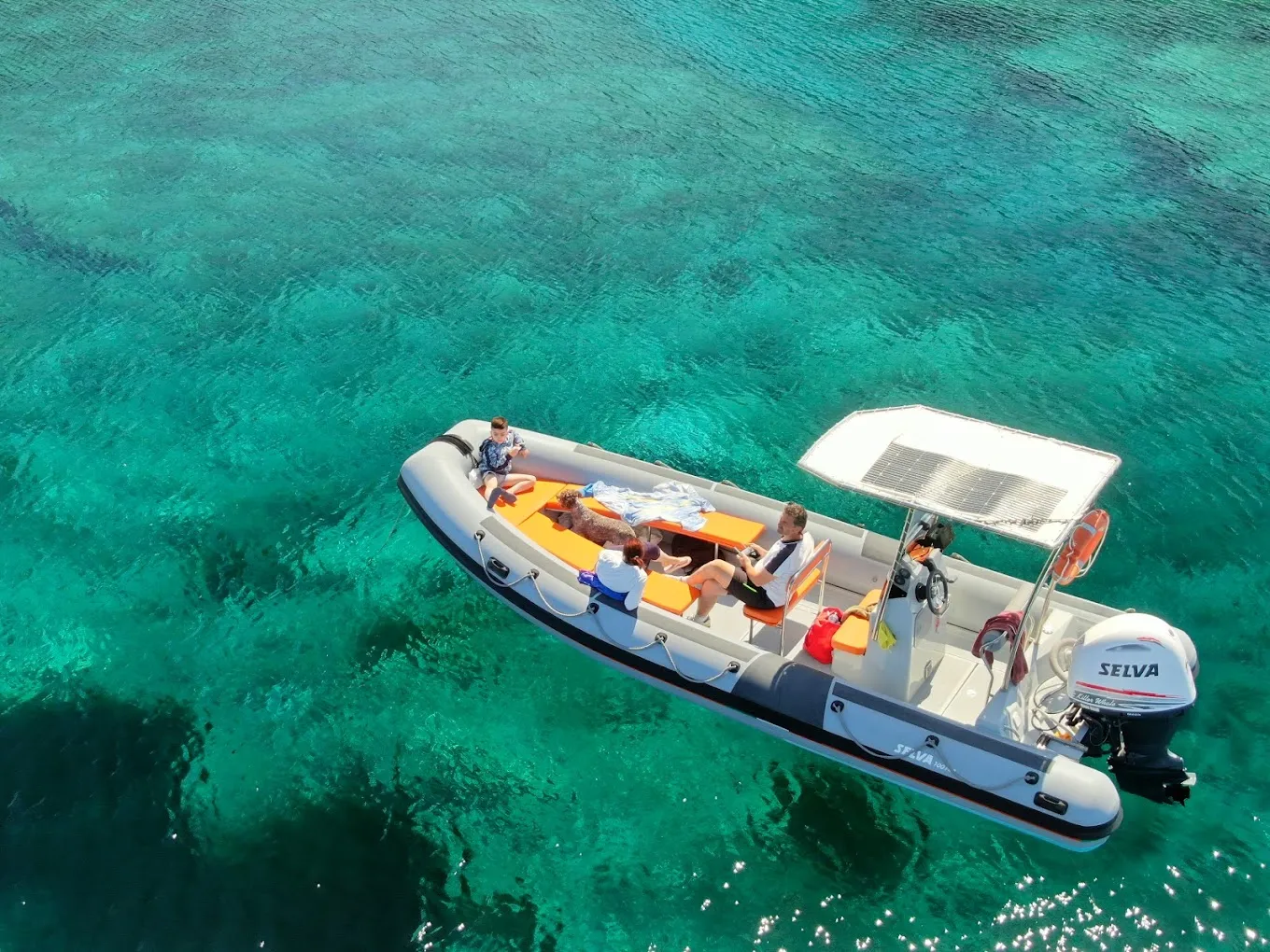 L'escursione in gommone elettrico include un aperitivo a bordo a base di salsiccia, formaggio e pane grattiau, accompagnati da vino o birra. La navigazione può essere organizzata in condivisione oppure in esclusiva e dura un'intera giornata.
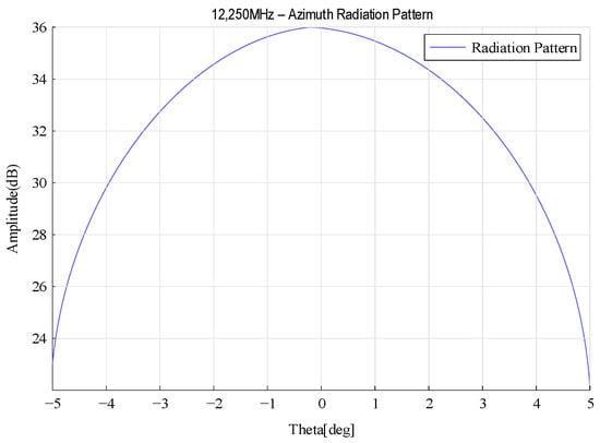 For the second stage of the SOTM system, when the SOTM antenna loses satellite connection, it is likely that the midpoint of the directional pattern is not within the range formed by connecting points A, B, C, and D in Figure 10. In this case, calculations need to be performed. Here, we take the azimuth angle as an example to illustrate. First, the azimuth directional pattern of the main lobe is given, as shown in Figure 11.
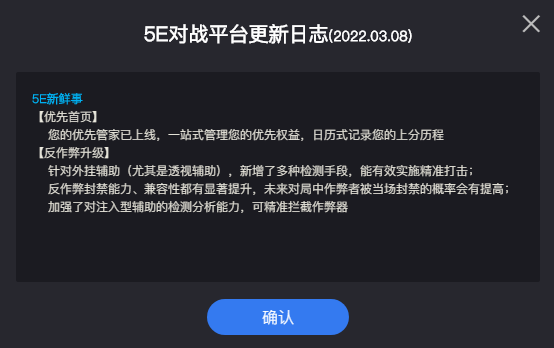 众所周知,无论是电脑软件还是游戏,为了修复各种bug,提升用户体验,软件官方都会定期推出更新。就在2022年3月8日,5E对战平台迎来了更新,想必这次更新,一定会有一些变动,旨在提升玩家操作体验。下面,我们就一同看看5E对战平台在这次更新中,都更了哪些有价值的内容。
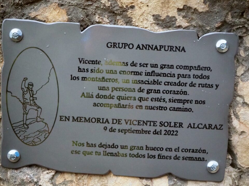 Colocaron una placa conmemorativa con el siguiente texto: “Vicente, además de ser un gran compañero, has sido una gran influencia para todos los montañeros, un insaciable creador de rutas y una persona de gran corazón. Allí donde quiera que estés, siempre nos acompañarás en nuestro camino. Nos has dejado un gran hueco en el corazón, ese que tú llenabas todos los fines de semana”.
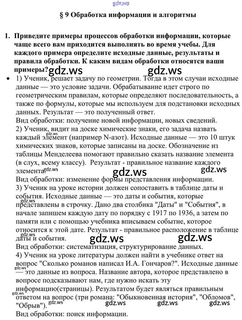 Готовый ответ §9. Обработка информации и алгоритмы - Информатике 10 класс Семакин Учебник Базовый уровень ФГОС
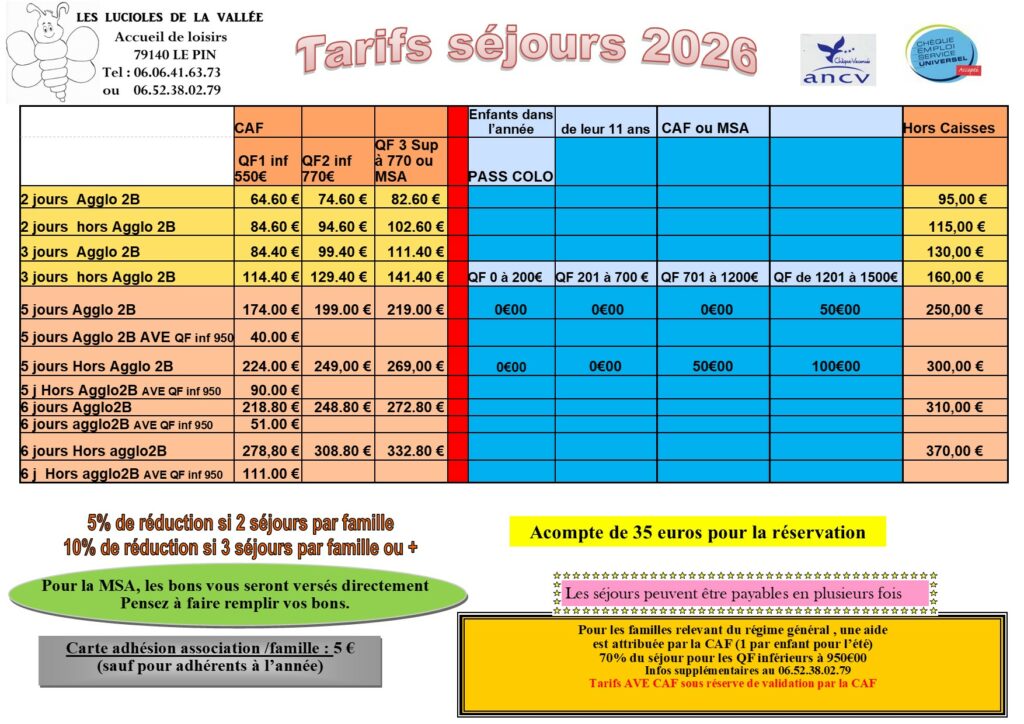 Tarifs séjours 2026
┄┄┄┄┄┄┄┄┄┄┄┄┄┄┄┄┄┄┄┄
» **Work required**
Repeat exactly and only the lines from the start of the data above through the line that holds "For the second", inclusive. Pictures do not belong in the copy.

» **Result for this task**
 L'escursione in gommone elettrico include un aperitivo a bordo a base di salsiccia, formaggio e pane grattiau, accompagnati da vino o birra. La navigazione può essere organizzata in condivisione oppure in esclusiva e dura un'intera giornata.
 For the second stage of the SOTM system, when the SOTM antenna loses satellite connection, it is likely that the midpoint of the directional pattern is not within the range formed by connecting points A, B, C, and D in Figure 10. In this case, calculations need to be performed. Here, we take the azimuth angle as an example to illustrate. First, the azimuth directional pattern of the main lobe is given, as shown in Figure 11.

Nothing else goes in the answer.